▶ _About this exercise_
From the first line of the data below through the line holding "- Arrival and", output each line exactly and leave the pictures out.

▶ _Information shown_
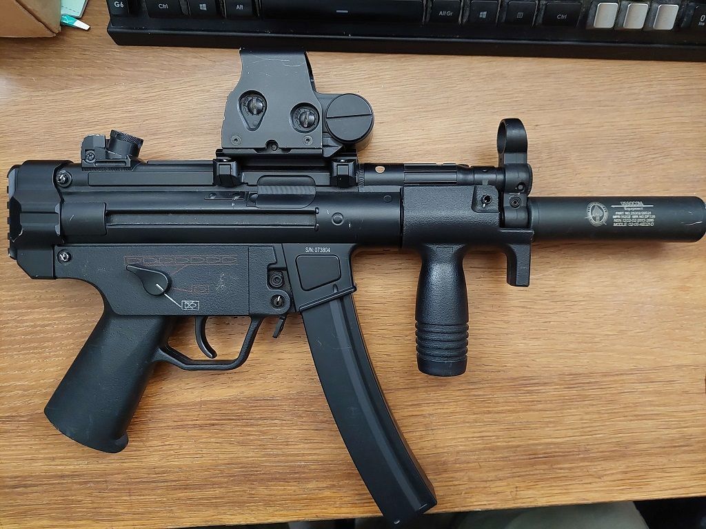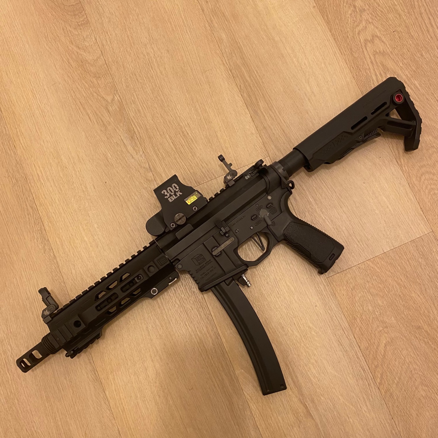 Impulse Posted February 28, 2023 Posted February 28, 2023 Since we were all discussing how wonderful the mp5k is to a new person, I thought I'd post mine now that the new buttplate had arrived. Will use a QD sling mount and a one-point sling done tight, so I can carry it around while sniping and just quickly unclip it when I need to use it. Things I still need for it are: - M-lok front - Picatinny-mounted folding stock - More batteries and rewire it to deans connectors Nick G, JustMark, Pinovic and 1 other 3 1
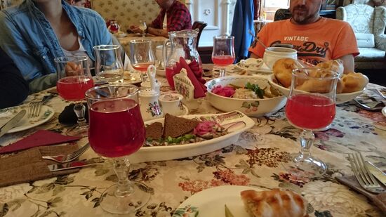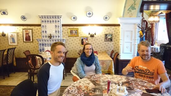 Wir werden in ein russisches Restaurant eingeladen und verbringen den Nachmittag mit Pawel und seinen Gästen.
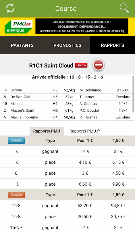 - Arrival and PMU reports of Tiercé, Quarté, Quinté, 2 out of 4, Multi, Pick 5 and single game
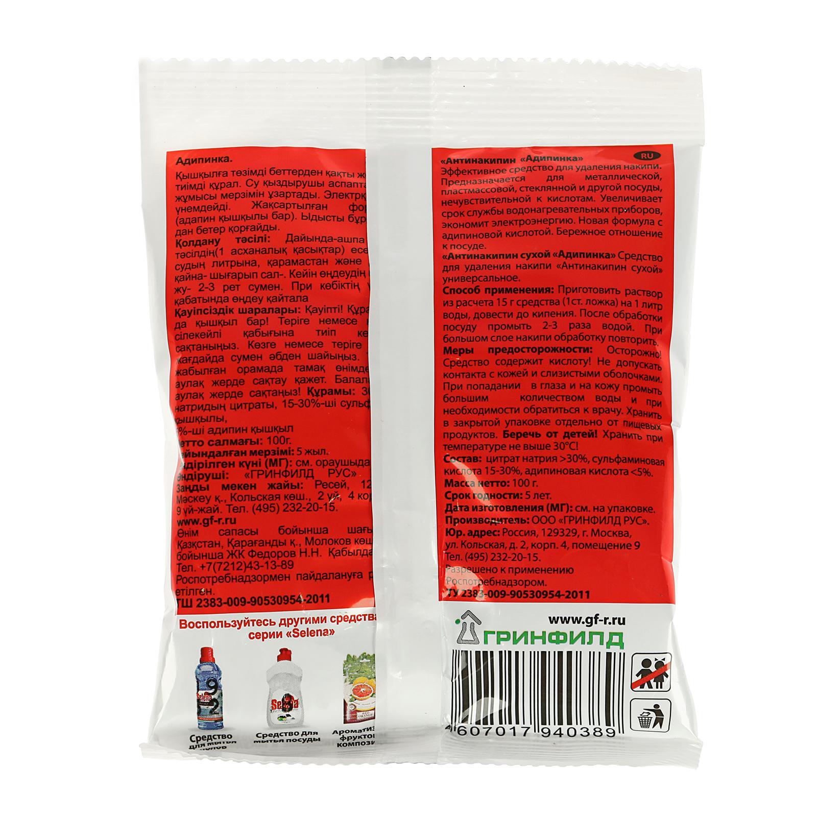 Антинакипин selena "адипинка", для удаления накипи, 100 г. Средство для удаления накипи «Антинакипин Адипинка» эффективно очищает нежелательное загрязнение, увеличивая срок службы водонагревательных приборов. Его особенности: Значительно сокращает потребление электроэнергии за счёт увеличения теплоотдачи нагревательных элементов. Не оказывает вредного воздействия на металлические, пластмассовые и резиновые детали бытовой техники, кроме поверхностей, чувствительных к кислотам. Способ применения: приготовить раствор из расчёта 15 г средства (1 столовая ложка) на 1 литр воды, довести до кипения. После обработки посуду промыть 2—3 раза водой. При большом слое накипи обработку повторить. Вес, г/Объём, мл: 100 Назначение: Для кухонной техники  развернуть описание ▼

▶ _Problem solution_
 Impulse Posted February 28, 2023 Posted February 28, 2023 Since we were all discussing how wonderful the mp5k is to a new person, I thought I'd post mine now that the new buttplate had arrived. Will use a QD sling mount and a one-point sling done tight, so I can carry it around while sniping and just quickly unclip it when I need to use it. Things I still need for it are: - M-lok front - Picatinny-mounted folding stock - More batteries and rewire it to deans connectors Nick G, JustMark, Pinovic and 1 other 3 1
 Wir werden in ein russisches Restaurant eingeladen und verbringen den Nachmittag mit Pawel und seinen Gästen.
 - Arrival and PMU reports of Tiercé, Quarté, Quinté, 2 out of 4, Multi, Pick 5 and single game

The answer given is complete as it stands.